As part of the effort to address the rapid degradation of panda habitat due to human activities (for example, agricultural expansion, timber harvesting, and fuelwood collection), two PES programs [the Grain-to-Green Program (GTGP, which is a national program and one of the world’s largest PES programs) and the Grain-to-Bamboo Program (GTBP, which is a local program to grow bamboo on cropland for feeding pandas in captivity and for attracting tourists)] have been implemented in Wolong since 2000 and 2002, respectively (8). Under these programs, local households received payments annually from the government based on the amount of cropland they converted to forest land or bamboo land (see text description and table S1 for details). As a national conservation program, the GTGP also pays land owners to plant trees on barren land in some regions, but in Wolong, only cropland has been enrolled into the GTGP (16).

Specification of framework components. We are interested in the effects of GTGP and GTBP on household income and applied our framework to analyze how these effects occur through influencing different livelihood activities. Because the effects of these programs on household income through direct payment is evident and can be easily observed (for example, from official records), we used nonpayment income (income from sources other than direct payments from these two PES programs) as the indicator of socioeconomic outcome and focused on how these programs affect nonpayment income through different pathways. On the basis of our knowledge of Wolong, we selected three livelihood activities that might have worked as intermediary variables to transmit the effects of the GTGP or the GTBP on nonpayment income, including tourism participation (working in local tourism industry), labor migration (temporary out-migration to work in cities), and crop production.

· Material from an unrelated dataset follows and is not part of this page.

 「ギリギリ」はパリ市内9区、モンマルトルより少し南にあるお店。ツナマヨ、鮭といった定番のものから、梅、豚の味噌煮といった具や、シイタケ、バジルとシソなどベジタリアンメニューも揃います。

Hypothesized pathways. On the basis of previous study results (15, 17), we hypothesized that linkages among the PES programs, livelihood activities, and nonpayment income constitute different pathways through which the GTGP and the GTBP affected income (Fig. 2).

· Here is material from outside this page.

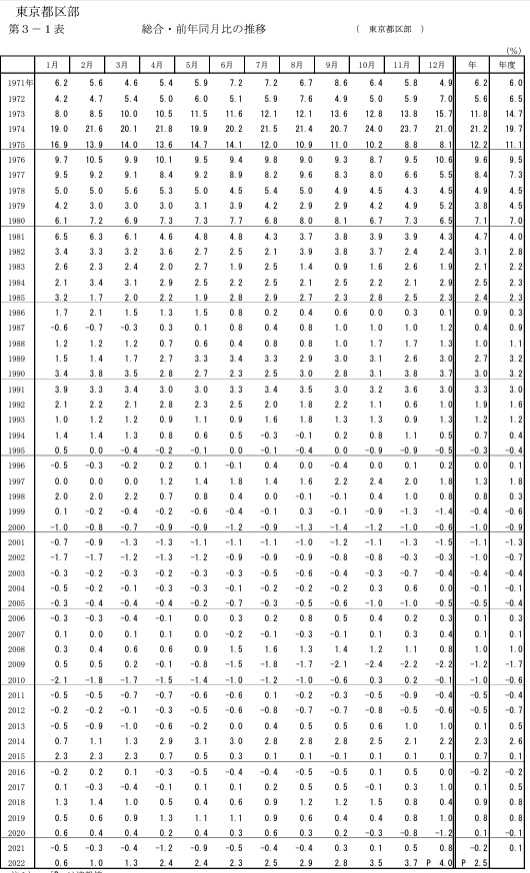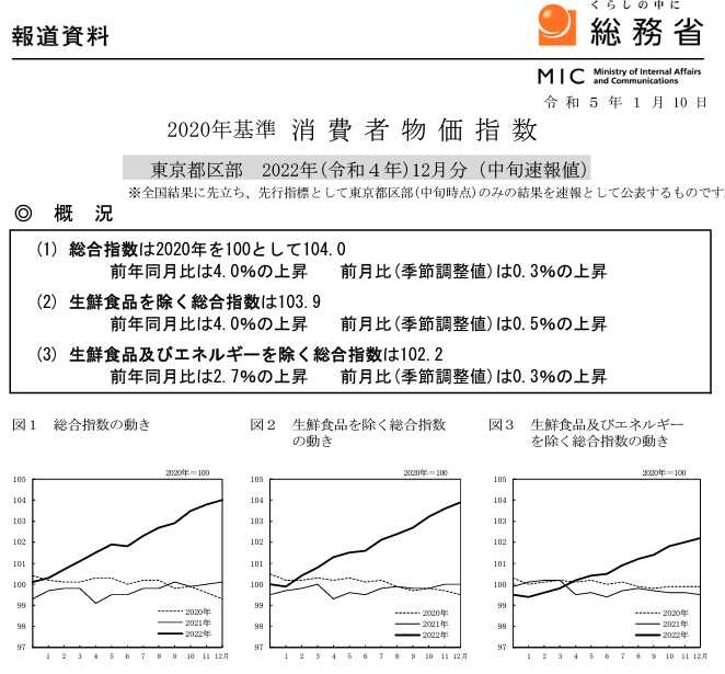 2022年12月中旬の東京都区部CPI(消費者物価指数)

Fig. 2 Illustration of hypothesized linkages among PES programs, livelihood activities, control variables, and nonpayment income.

We focused on analyzing the effects of the GTGP and GTBP on nonpayment income (income from sources other than direct payments from these two PES programs) because the direct contribution of payments from GTGP and GTBP to participating households’ income can be directly observed. Arrows in the diagram represent linkages. “+” and “−” refer to hypothetical positive and negative effects of the linkage, respectively. The black arrows represent the ones that constitute the specified pathways that link the GTGP or the GTBP with nonpayment income. The two blue arrows represent the unspecified pathways that link the GTGP and the GTBP with nonpayment household income, respectively. A complete list of variables considered in the Wolong demonstration study is found in table S2.

Specifically, we hypothesized that the GTGP and the GTBP provoked changes in each of these three livelihood activities, which then affected the nonpayment income. As previous studies (15, 17) indicate, we first hypothesized that all the three livelihood activities can increase nonpayment income. We then hypothesized that both the GTGP and the GTBP had a positive effect on households’ participation in the local tourism industry and labor migration. This is because previous studies (9, 14) show that cropland reduction due to conservation policies could release rural labor from crop production and promote the shift from on-farm to off-farm activities such as working in the local tourism industry or out-migrating for jobs in cities. Furthermore, we hypothesized that both the GTGP and the GTBP had negative impacts on crop production because participating households converted parts of their cropland to forest or bamboo land. These hypothesized linkages can form two-step pathways through which the GTGP and the GTBP affected these three livelihood activities, which, in turn, affect nonpayment income (Fig. 2). For example, the GTGP may affect nonpayment income through the pathway in which the GTGP promotes participation in tourism, which then increases nonpayment income.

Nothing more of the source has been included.